• [WORK INSTRUCTION] Write out the data below exactly as given, without any of its pictures.

▶

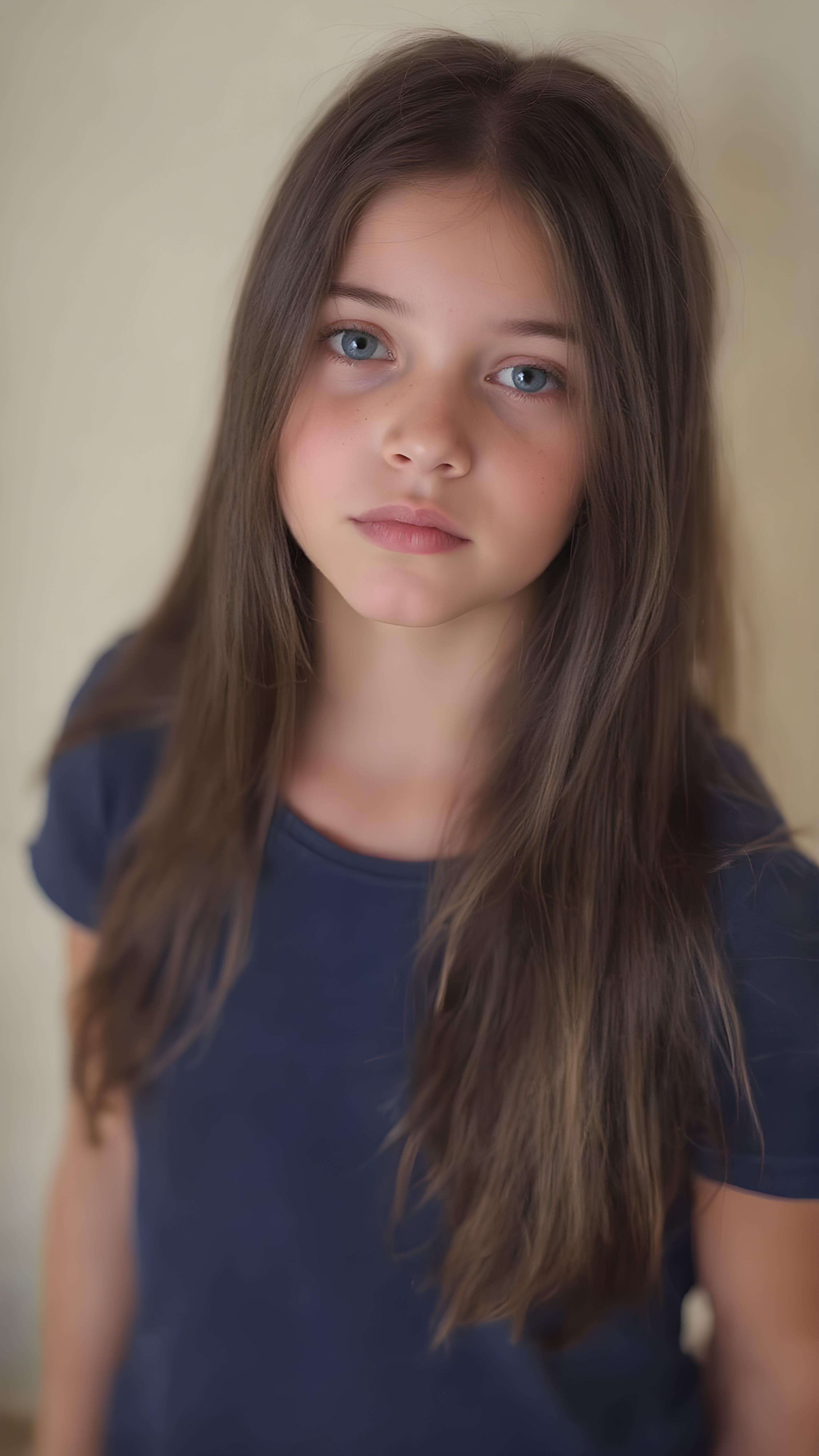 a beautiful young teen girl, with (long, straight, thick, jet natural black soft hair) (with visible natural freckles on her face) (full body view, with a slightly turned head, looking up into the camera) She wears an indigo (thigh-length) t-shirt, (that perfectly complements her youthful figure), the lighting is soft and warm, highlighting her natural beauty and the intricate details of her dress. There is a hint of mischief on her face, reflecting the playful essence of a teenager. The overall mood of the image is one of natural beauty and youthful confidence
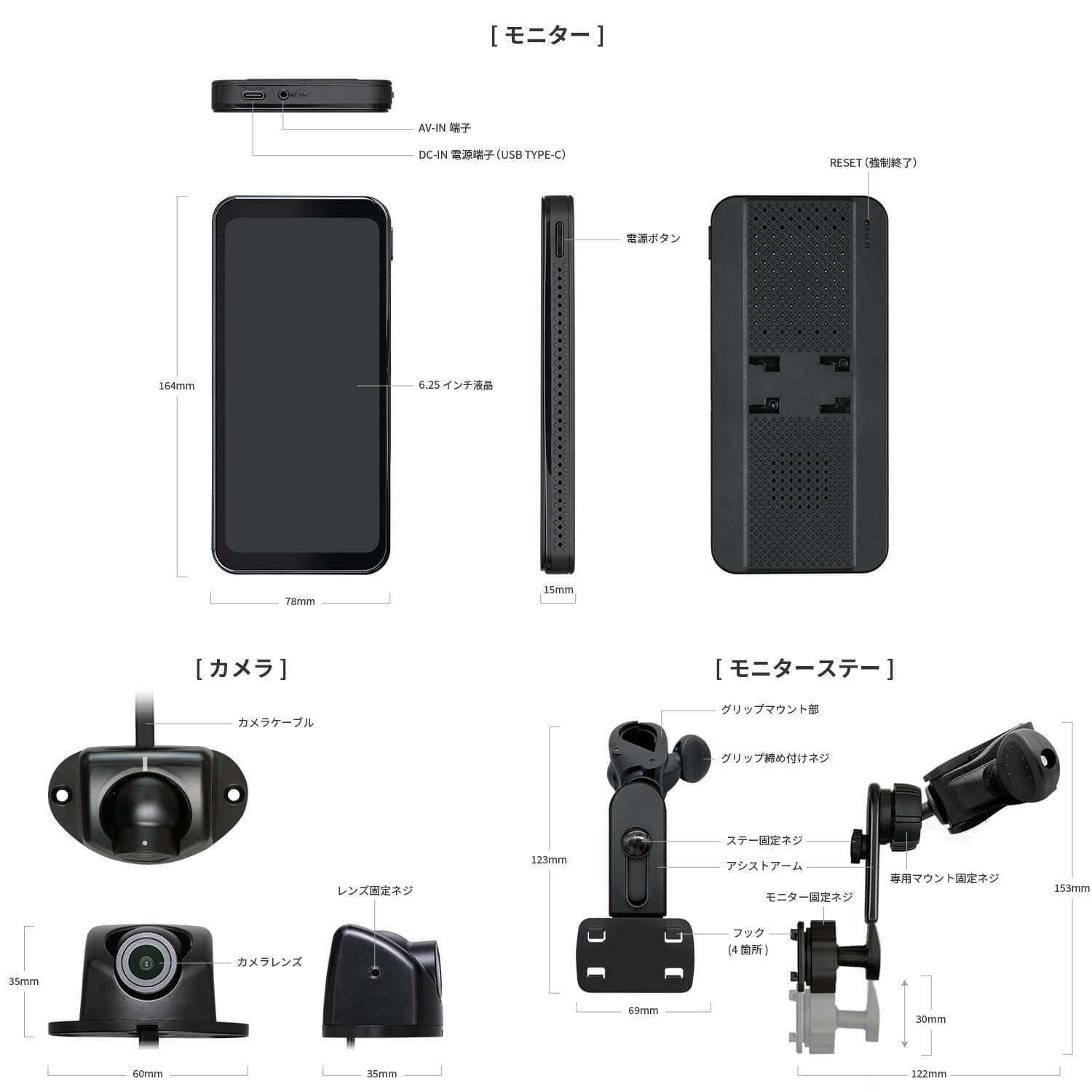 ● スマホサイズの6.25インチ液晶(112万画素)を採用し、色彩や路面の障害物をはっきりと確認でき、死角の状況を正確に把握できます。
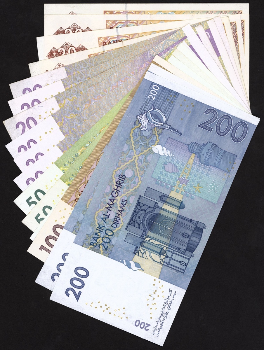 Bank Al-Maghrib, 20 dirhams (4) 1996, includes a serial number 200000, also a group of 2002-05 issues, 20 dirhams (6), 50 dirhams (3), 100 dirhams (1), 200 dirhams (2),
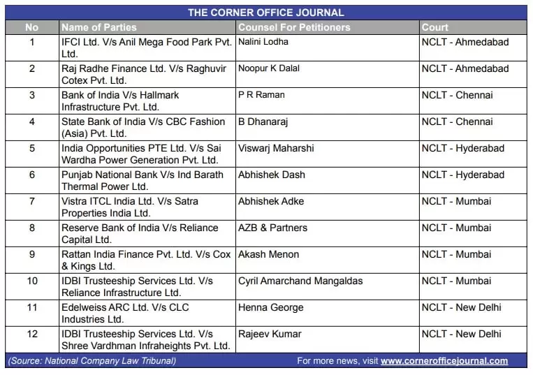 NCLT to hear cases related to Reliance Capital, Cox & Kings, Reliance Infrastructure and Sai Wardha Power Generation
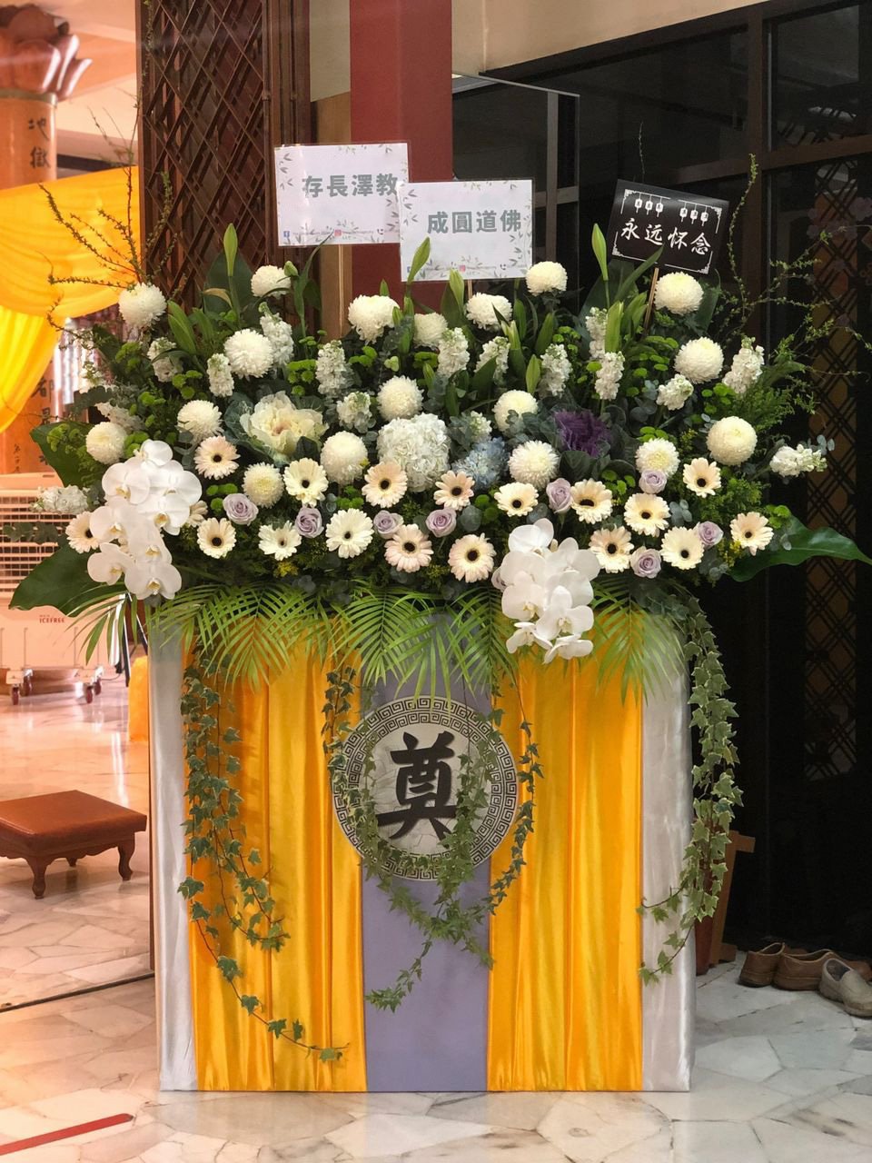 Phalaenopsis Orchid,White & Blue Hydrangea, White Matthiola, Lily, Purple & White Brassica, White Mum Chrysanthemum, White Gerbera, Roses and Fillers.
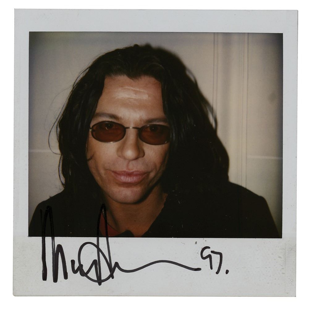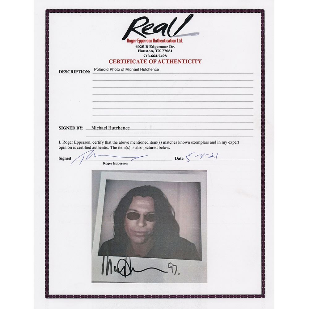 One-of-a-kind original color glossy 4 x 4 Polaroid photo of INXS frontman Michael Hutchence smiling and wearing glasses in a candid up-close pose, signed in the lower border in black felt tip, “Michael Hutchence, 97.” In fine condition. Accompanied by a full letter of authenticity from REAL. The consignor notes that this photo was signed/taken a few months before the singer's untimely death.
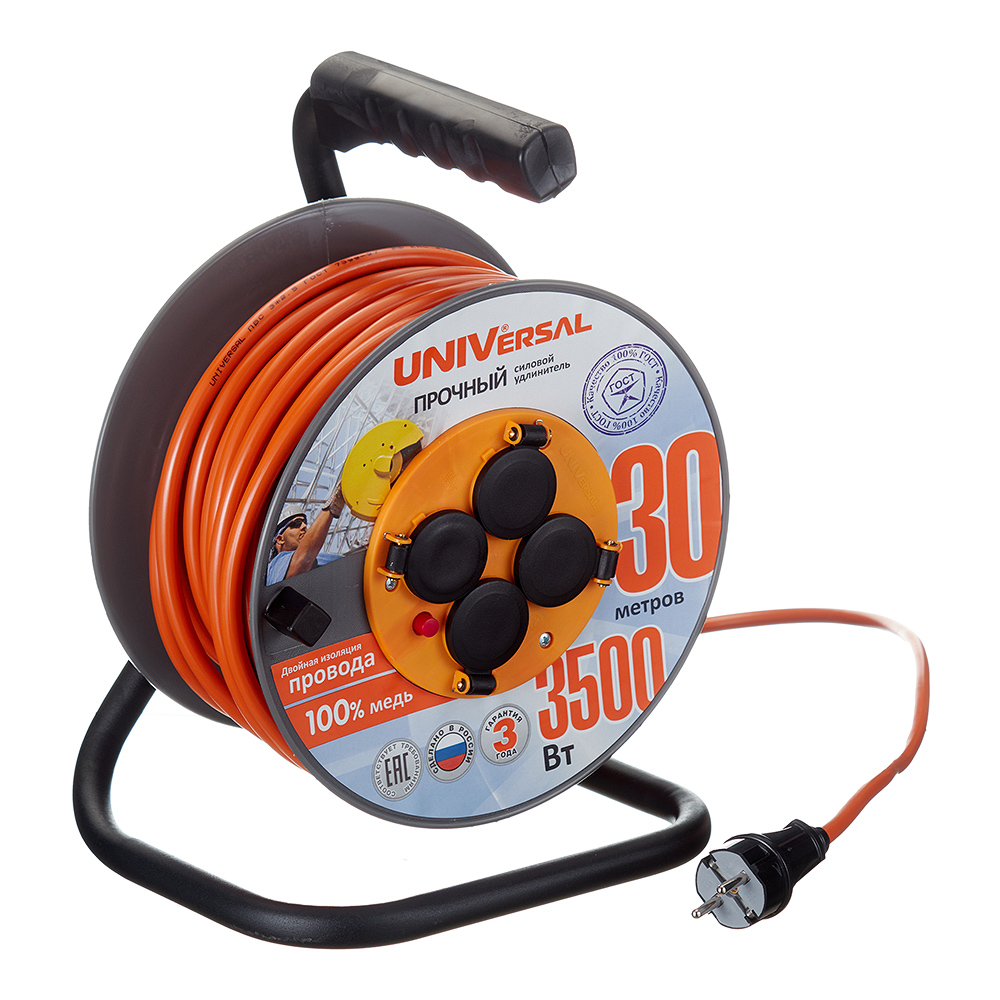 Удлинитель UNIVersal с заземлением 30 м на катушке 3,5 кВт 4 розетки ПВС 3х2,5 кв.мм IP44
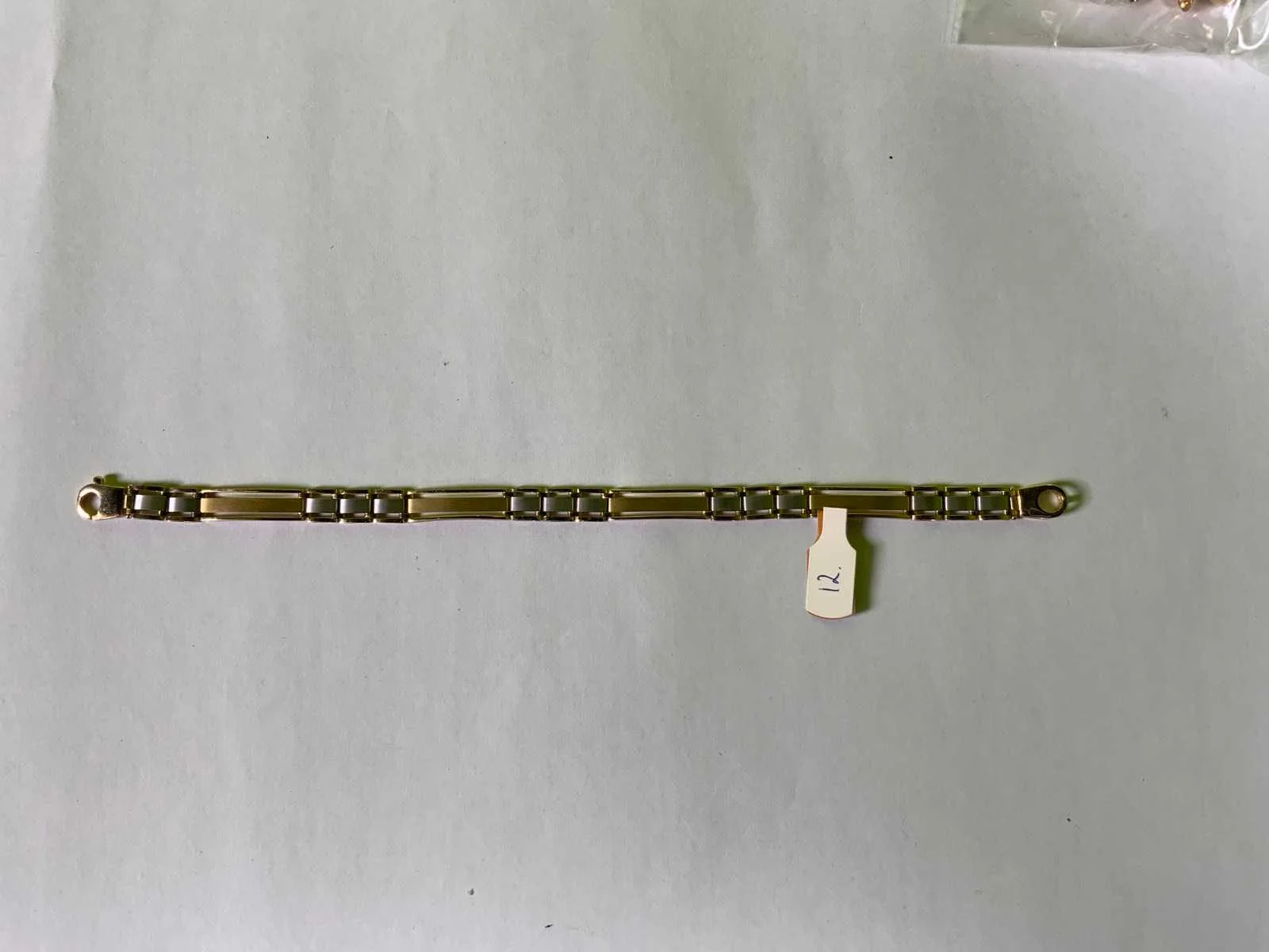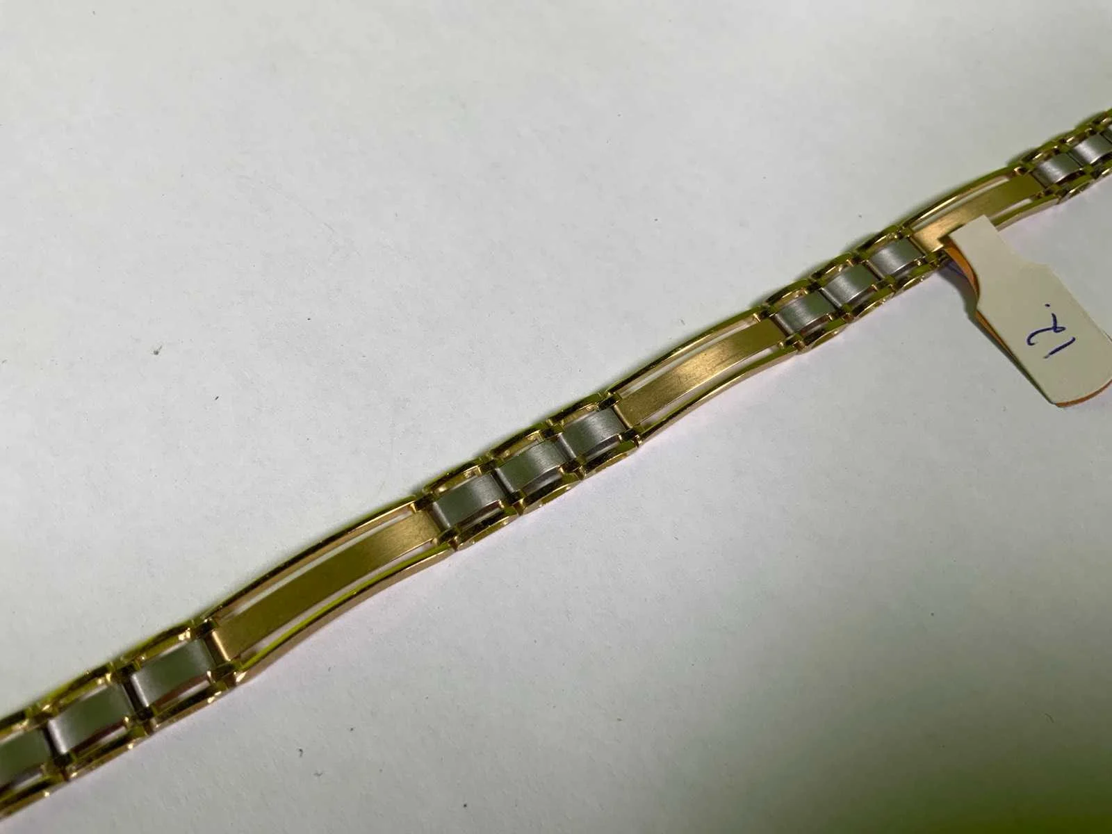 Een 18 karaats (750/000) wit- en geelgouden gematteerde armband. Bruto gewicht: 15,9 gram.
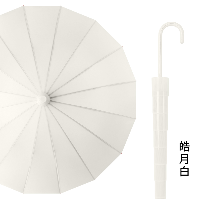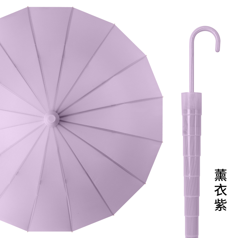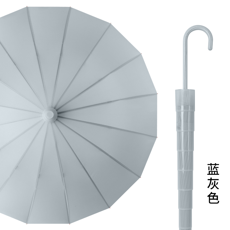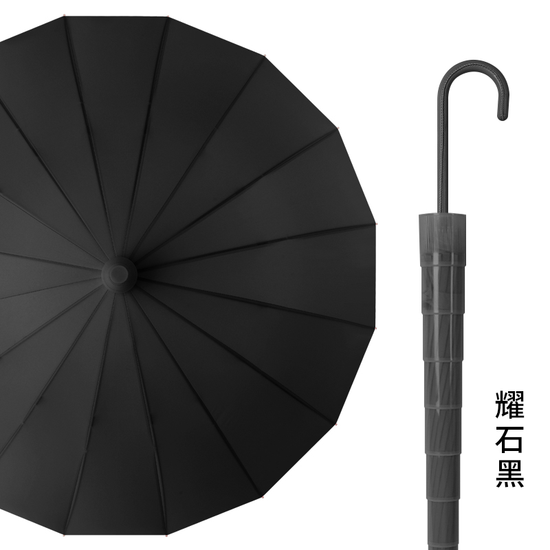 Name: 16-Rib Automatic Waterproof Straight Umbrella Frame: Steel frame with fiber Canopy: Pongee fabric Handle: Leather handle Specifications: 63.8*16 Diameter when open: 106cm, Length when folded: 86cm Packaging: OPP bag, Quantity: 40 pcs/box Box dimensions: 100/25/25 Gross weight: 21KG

◀

• [SOLUTION TO THIS PROBLEM]
 a beautiful young teen girl, with (long, straight, thick, jet natural black soft hair) (with visible natural freckles on her face) (full body view, with a slightly turned head, looking up into the camera) She wears an indigo (thigh-length) t-shirt, (that perfectly complements her youthful figure), the lighting is soft and warm, highlighting her natural beauty and the intricate details of her dress. There is a hint of mischief on her face, reflecting the playful essence of a teenager. The overall mood of the image is one of natural beauty and youthful confidence
 ● スマホサイズの6.25インチ液晶(112万画素)を採用し、色彩や路面の障害物をはっきりと確認でき、死角の状況を正確に把握できます。
 Bank Al-Maghrib, 20 dirhams (4) 1996, includes a serial number 200000, also a group of 2002-05 issues, 20 dirhams (6), 50 dirhams (3), 100 dirhams (1), 200 dirhams (2),
 NCLT to hear cases related to Reliance Capital, Cox & Kings, Reliance Infrastructure and Sai Wardha Power Generation
 Phalaenopsis Orchid,White & Blue Hydrangea, White Matthiola, Lily, Purple & White Brassica, White Mum Chrysanthemum, White Gerbera, Roses and Fillers.
 One-of-a-kind original color glossy 4 x 4 Polaroid photo of INXS frontman Michael Hutchence smiling and wearing glasses in a candid up-close pose, signed in the lower border in black felt tip, “Michael Hutchence, 97.” In fine condition. Accompanied by a full letter of authenticity from REAL. The consignor notes that this photo was signed/taken a few months before the singer's untimely death.
 Удлинитель UNIVersal с заземлением 30 м на катушке 3,5 кВт 4 розетки ПВС 3х2,5 кв.мм IP44
 Een 18 karaats (750/000) wit- en geelgouden gematteerde armband. Bruto gewicht: 15,9 gram.
 Name: 16-Rib Automatic Waterproof Straight Umbrella Frame: Steel frame with fiber Canopy: Pongee fabric Handle: Leather handle Specifications: 63.8*16 Diameter when open: 106cm, Length when folded: 86cm Packaging: OPP bag, Quantity: 40 pcs/box Box dimensions: 100/25/25 Gross weight: 21KG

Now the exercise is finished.